Tons of serious MTA soldiers guarded the perimeter. They were extremely diligent, for they knew the catastrophe that the sloths could cause. But when they saw Josh, they lost all composure.

"Holy fuck. Please tell me I'm dreaming."

"What do you mean? Is there something behind….what the hell?!"

"Quick! Sound the alarm and—"

"No, look! This guy is the VIP that entered a few hours ago!"

"What are we supposed to be doing?!"

But that's when the man in front waved at them. He had a calm smile and showed no sign of being in any danger at all. "Sup, guys. Which way is D-23 again? Just point toward it."

Most were too shellshocked to answer. One guy finally raised his arms, shakily pointing. Josh mouthed a silent "thank you" before progressing once more. Their shock only increased when he began shouting nonsense at his followers.

"Follow the leader! Follow the leader! One small step for man and a huge leap by slothtrosities' standards! Remember, there will be plenty of rest once we reach our destination!"

This didn't make any sense! Common sense said he should have been dead long ago. They wondered why no sloth was ever using its special attack. But the mystery was soon cracked open. One sloth began yawning.
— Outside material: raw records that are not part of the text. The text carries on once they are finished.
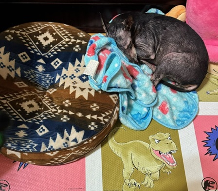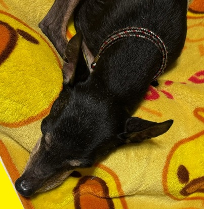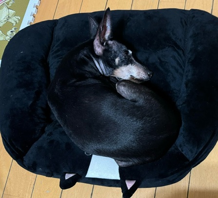 ルークはしっかり、ベッドにある毛布の上で寝ていました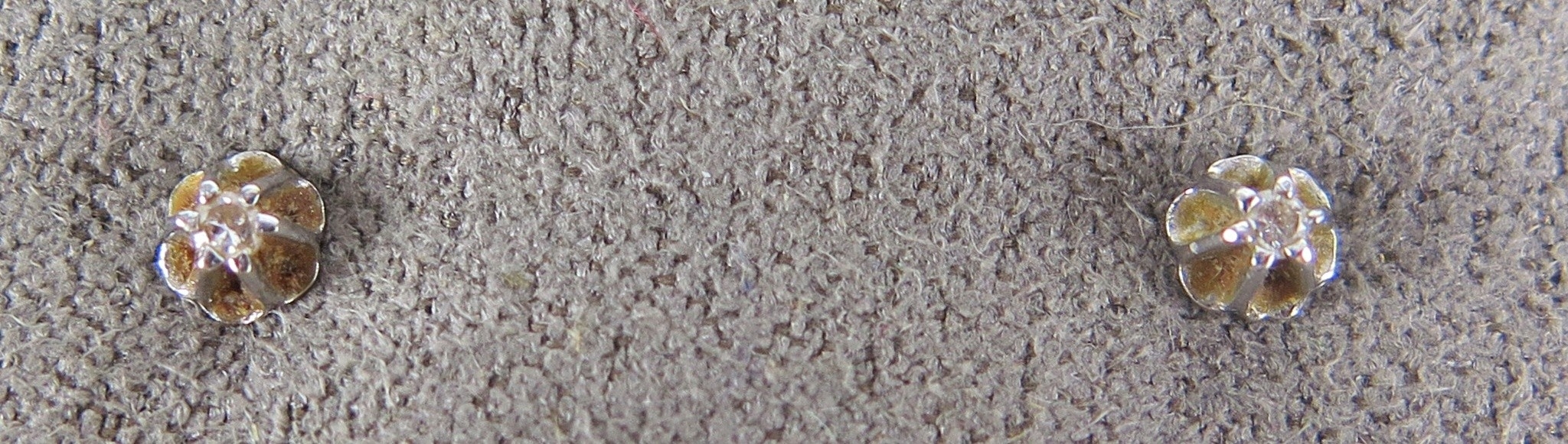 Pair of 14K white gold and diamond stud earrings, c, 1mm stones, stamped 585, 0.87g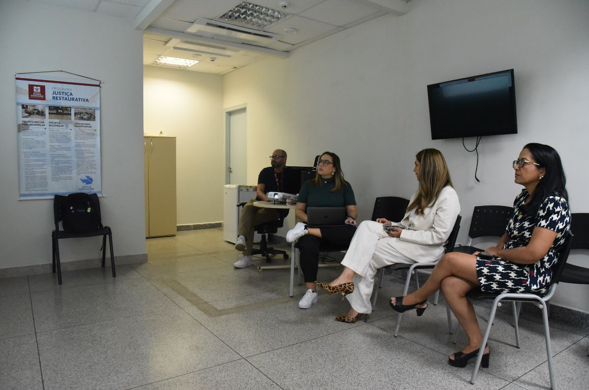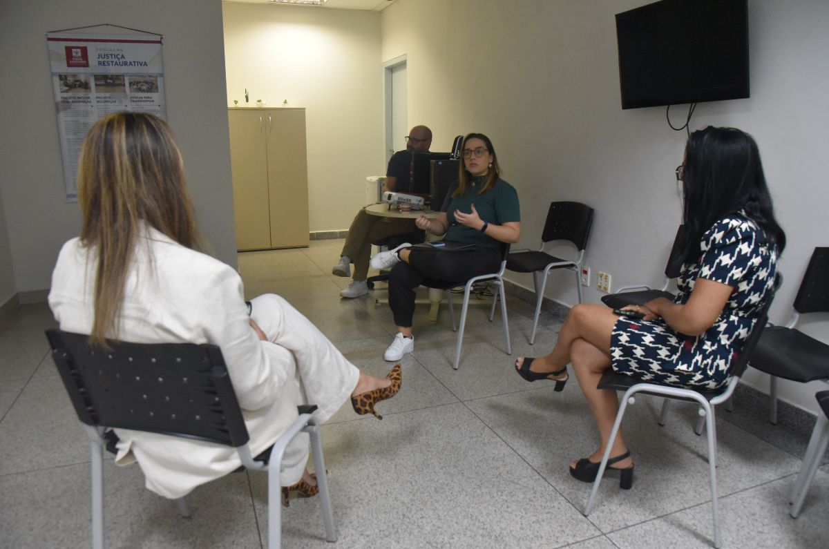 O diálogo aconteceu no do Centro de Justiça Restaurativa (Cejures), no Fórum Criminal em Rio Branco, com a consultora da Senappen, Júlia Poletine, a juíza de Direito Andréa Brito, coordenadora do Núcleo Permanente de Justiça Restaurativa (NUPJR), e a equipe técnica do Cejures, o pedagogo Fredson Pinheiro e a assistente social Mirlene Thaumaturgo.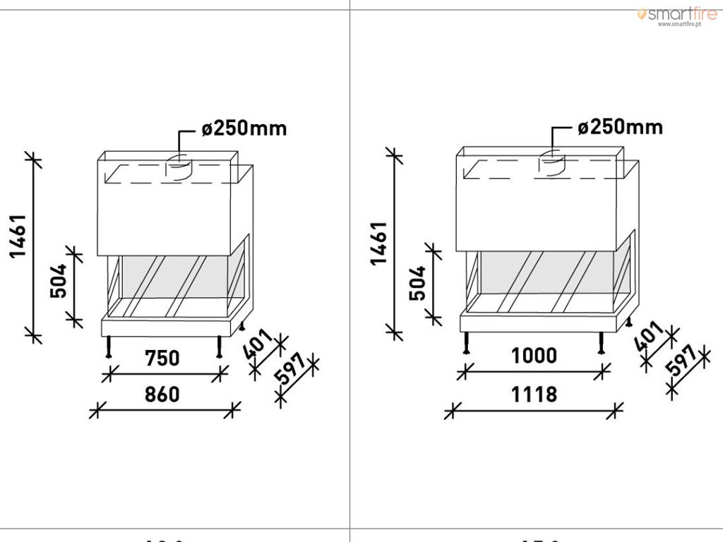 Diâmetro da chaminé: 250 mm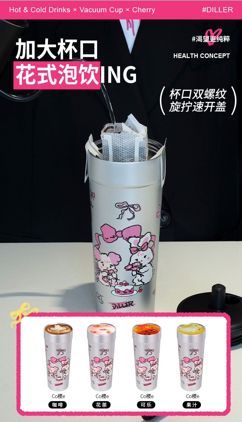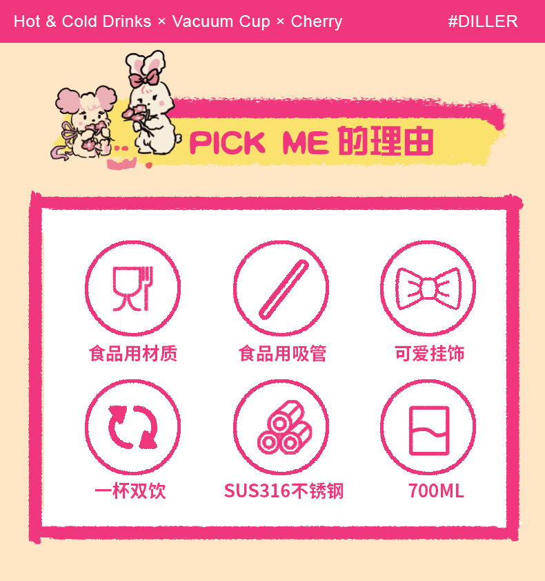 Diller Multifunction Panda/ CherryBear SUS316 Stainless Steel Thermo Vacumn Flask Bottle D9252/ 9238 (600ml)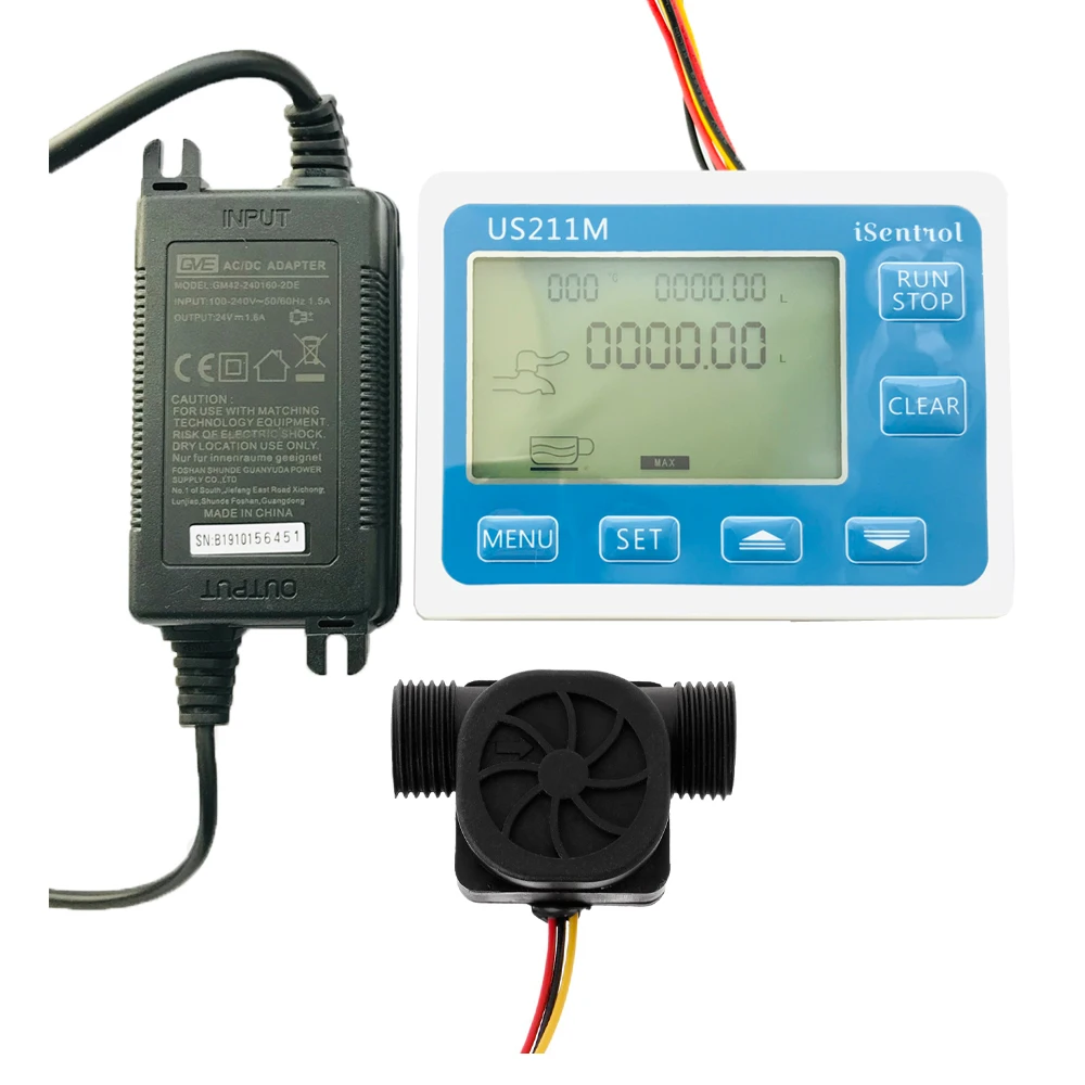 1. Контроллер цифрового дисплея US211M может отображать мгновенный поток, блок потока L / min (или GPM),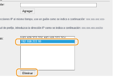 Seleccione una dirección IP y haga clic en [Eliminar]. ![]() |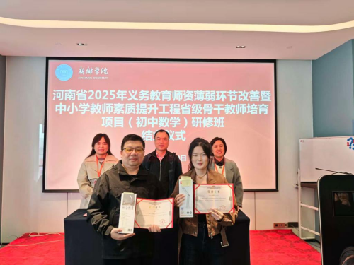 随后,省级骨干教师初中数学研修班学科班主任郭建霞宣读优秀学员名单,并为29名获奖学员颁发证书,现场响起热烈掌声。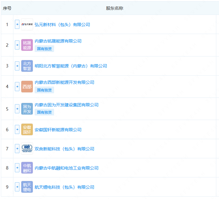 企查查股權(quán)穿透顯示,該公司由弘元綠能旗下弘元新材料(包頭)有限公司、明陽智能旗下明陽北方智慧能源(內(nèi)蒙古)有限公司、國軒高科旗下安徽國軒新能源有限公司、雙良節(jié)能旗下雙良新能科技(包頭)有限公司等共同持股。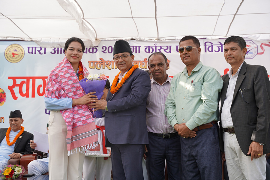 पेरिस प्यारालिम्पिक २०२४ मा नेपाललाई ऐतिहासिक पदक दिलाएकी तेक्वान्दो खेलाडी पलेसा गोवर्धनलाई पोखरा महानगरपालिकाले नगद सहित सम्मान गरेको छ ।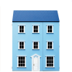 A three storey Georgian style Town House with hinged roof, attic and split front opening. Cream and Blue versions have painted exterior walls, white windows and door.
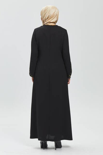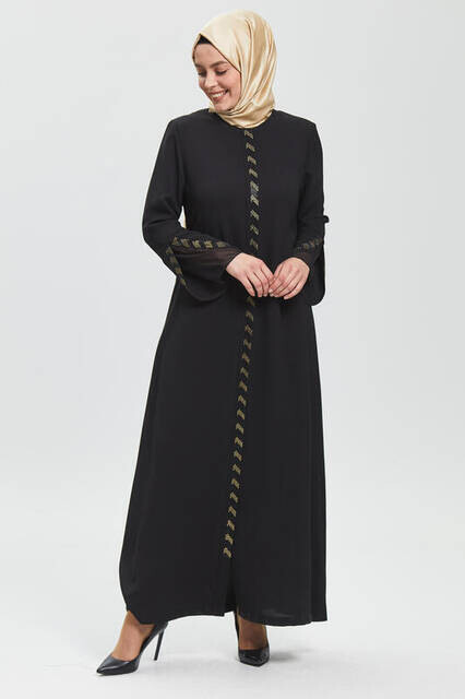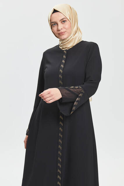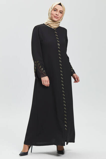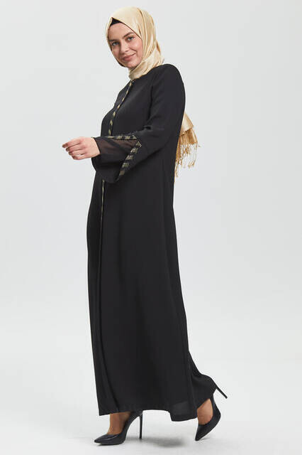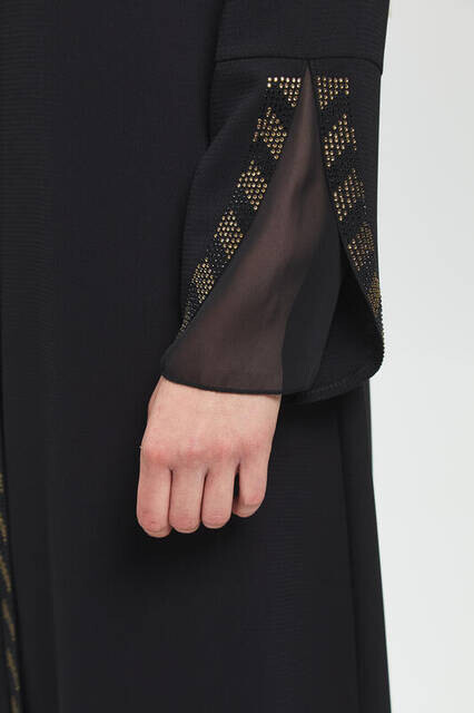 Ürün Adı: "Derin Siyah Kolu Perde Taşlı Ferace 9073-20"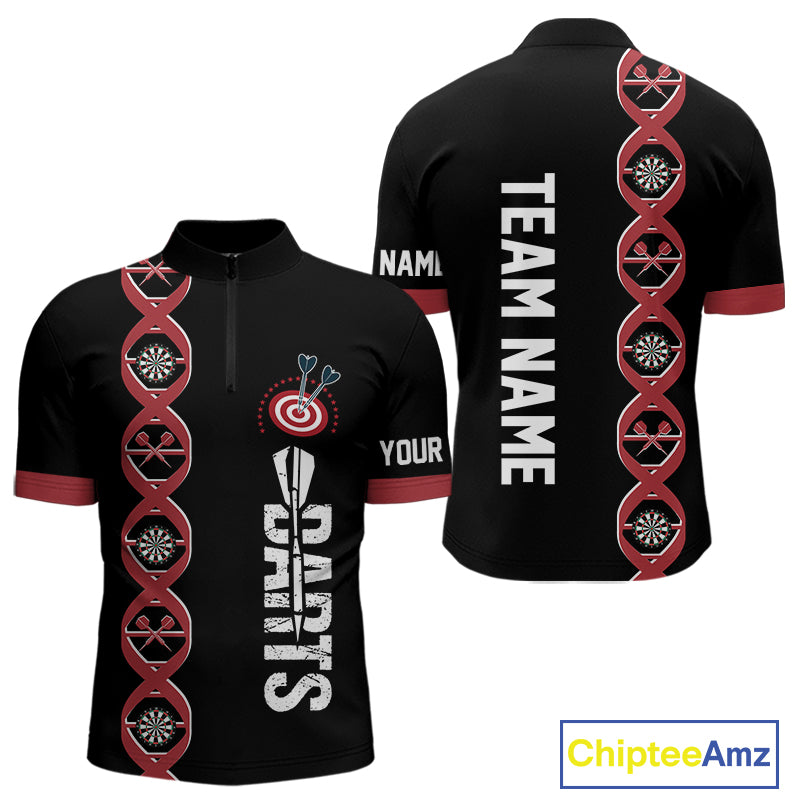Personalized DNA Darts Shirt For Men Custom Black And Red Funny Darts Jersey Team Polo & 1/4 Zip TDM4617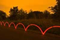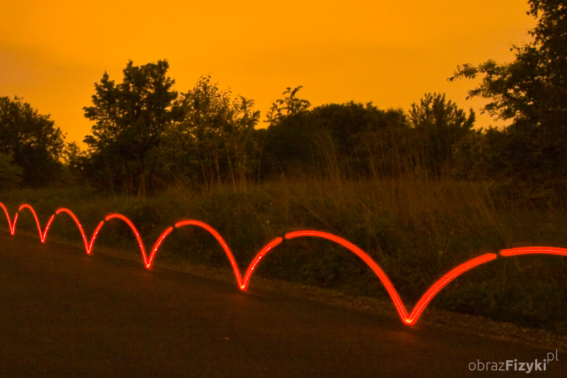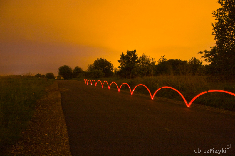 W jaki sposób zostały zrobione te zdjęcia? Użyty został następujący sprzęt: aparat, statyw, rower, lampka na baterie, kawałek równej asfaltowej drogi (dla bezpieczeństwa i spokoju wybrany poza ruchem). Cykloida w tym przypadku jest rysowana światłem tylnej lampki rowerowej na baterie, przymocowanej taśmą klejącą do obręczy przedniego koła roweru pomiędzy szprychami. Takie prowizoryczne mocowanie powinno być na tyle silne aby lampka nie odpadła w czasie jazdy. Przed jazdą należy też upewnić się czy lampka nie zawadza o widełki. Bardzo pomocną jest druga osoba, która będzie jeździć rowerem ze stałą prędkością po wskazanym odcinku. Chcąc uzyskać dłuższy fragment cykloidy najlepiej wszelkie nastawy aparatu, w tym czas naświetlania, robić w trybie manualnym. Czas naświetlania prezentowanych zdjęć wynosi 20, 30 sekund przy ISO 200. Długi czas naświetlania oznacza, że bez statywu lub ewentualnie czegoś na czym można stabilnie oprzeć aparat nie obejdzie się. Ponadto, aby zdjęcie było atrakcyjne oprócz samej cykloidy na zdjęciu powinno być też widać otocznie. I tak, jeśli jest zbyt ciemno na zdjęciu wyjdzie tylko cykloida. Poza tym jazda na rowerze w ciemności może skończyć się kraksą. Z kolei gdy jest zbyt jasno zdjęcie będzie prześwietlone. Latarnie uliczne również należy wziąć pod uwagę wybierając miejsce eksperymentu. Tak więc, porę o której będziemy fotografować trzeba dobrać metodą prób i błędów choć najprawdopodobniej będzie to w okolicach zmierzchu.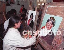 圖:藏族學(xué)生進(jìn)行油畫創(chuàng)作

The ability brought all of them to their knees. They felt like it was over. They would die and sleep till the end of time, and so would the entire Metropolis. Nothing would change their—"Holy crap! Did that guy just bitchslap a sloth?!" The shock was enough to wake them up.

Josh even looked satisfied after doing so. "I already said to stop with the yawning! Keep walking, no bullshit!" He sounded like he was reprimanding a little kid. To which the creature only grumbled, dispirited.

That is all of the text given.